A verbatim copy is needed of the lines below from the one containing "Fruit is one" up to and including the one containing "Kuřim 11. července", excluding pictures.

RECORDS TO USE
┌────────
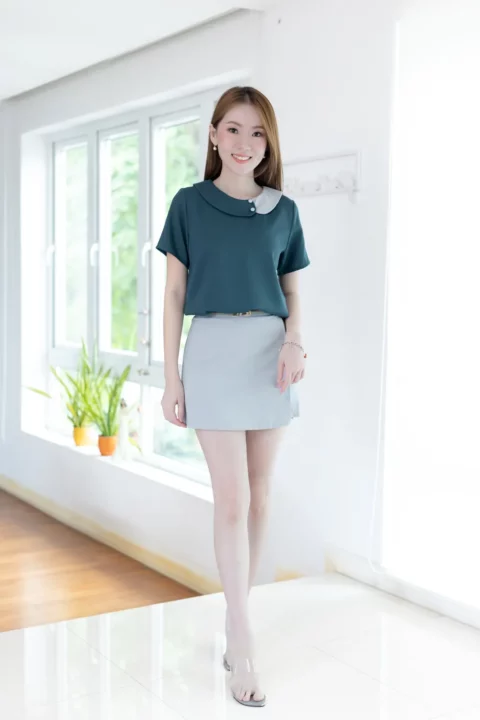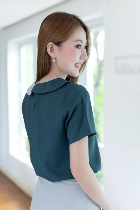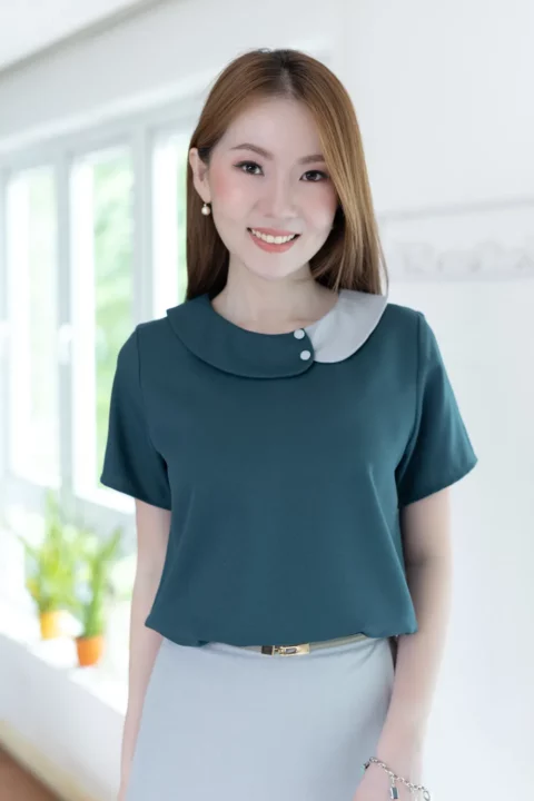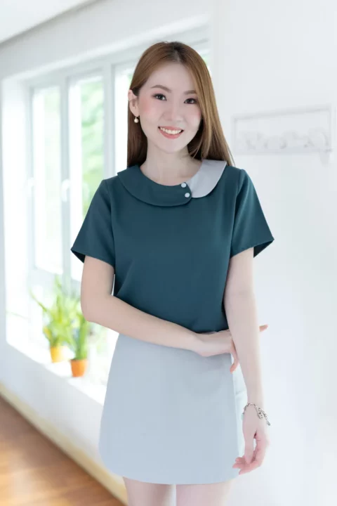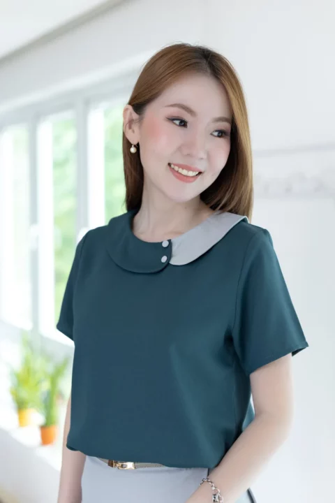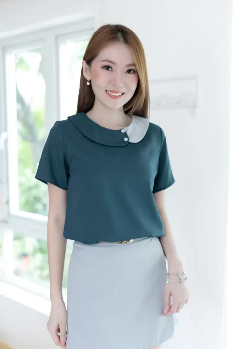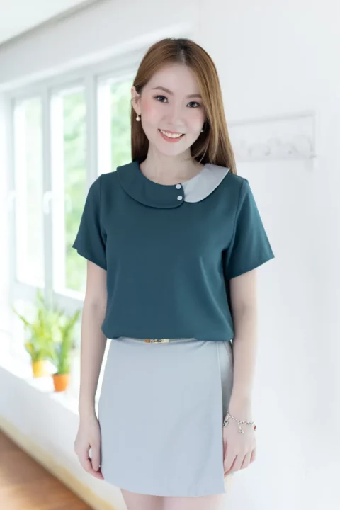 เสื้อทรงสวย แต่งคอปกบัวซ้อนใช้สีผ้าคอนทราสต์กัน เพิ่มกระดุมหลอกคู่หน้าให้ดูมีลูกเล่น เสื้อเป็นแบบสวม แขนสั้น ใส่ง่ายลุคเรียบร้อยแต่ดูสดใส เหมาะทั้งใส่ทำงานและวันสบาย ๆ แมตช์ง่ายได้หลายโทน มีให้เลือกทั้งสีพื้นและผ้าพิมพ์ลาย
└────────
┌────────
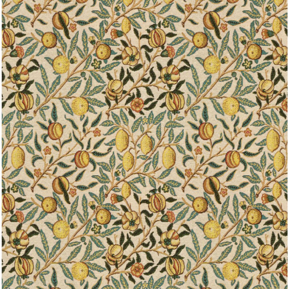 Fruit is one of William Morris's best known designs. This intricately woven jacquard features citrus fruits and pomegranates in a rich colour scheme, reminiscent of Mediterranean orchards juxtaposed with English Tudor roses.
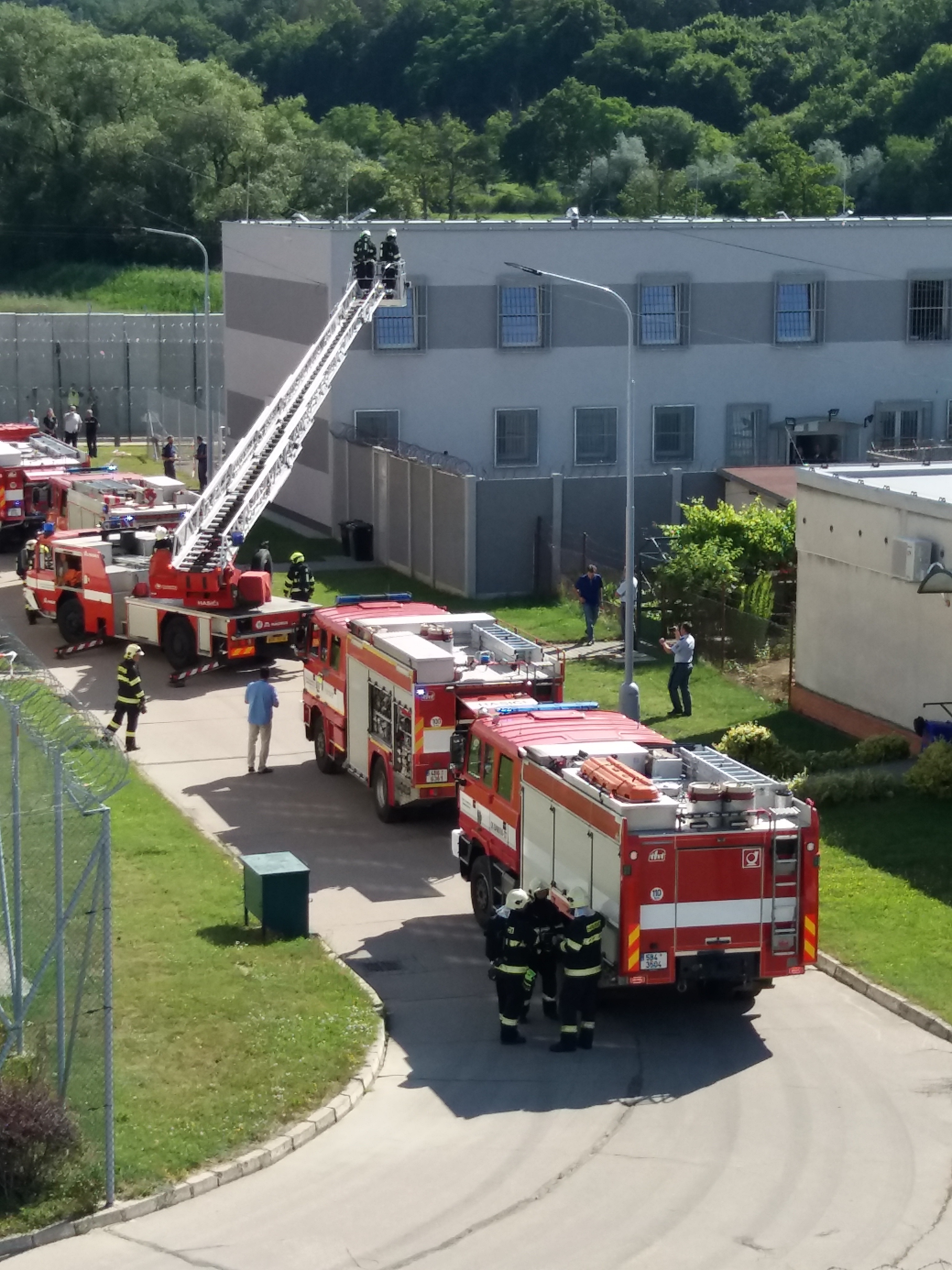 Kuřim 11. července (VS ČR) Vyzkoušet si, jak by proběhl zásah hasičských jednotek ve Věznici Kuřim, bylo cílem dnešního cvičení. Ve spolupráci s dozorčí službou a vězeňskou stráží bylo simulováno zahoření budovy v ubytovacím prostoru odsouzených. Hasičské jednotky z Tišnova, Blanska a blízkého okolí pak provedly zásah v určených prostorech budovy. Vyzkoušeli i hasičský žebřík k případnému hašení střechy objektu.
└────────
REPLY TO THE EXERCISE
 Fruit is one of William Morris's best known designs. This intricately woven jacquard features citrus fruits and pomegranates in a rich colour scheme, reminiscent of Mediterranean orchards juxtaposed with English Tudor roses.
 Kuřim 11. července (VS ČR) Vyzkoušet si, jak by proběhl zásah hasičských jednotek ve Věznici Kuřim, bylo cílem dnešního cvičení. Ve spolupráci s dozorčí službou a vězeňskou stráží bylo simulováno zahoření budovy v ubytovacím prostoru odsouzených. Hasičské jednotky z Tišnova, Blanska a blízkého okolí pak provedly zásah v určených prostorech budovy. Vyzkoušeli i hasičský žebřík k případnému hašení střechy objektu.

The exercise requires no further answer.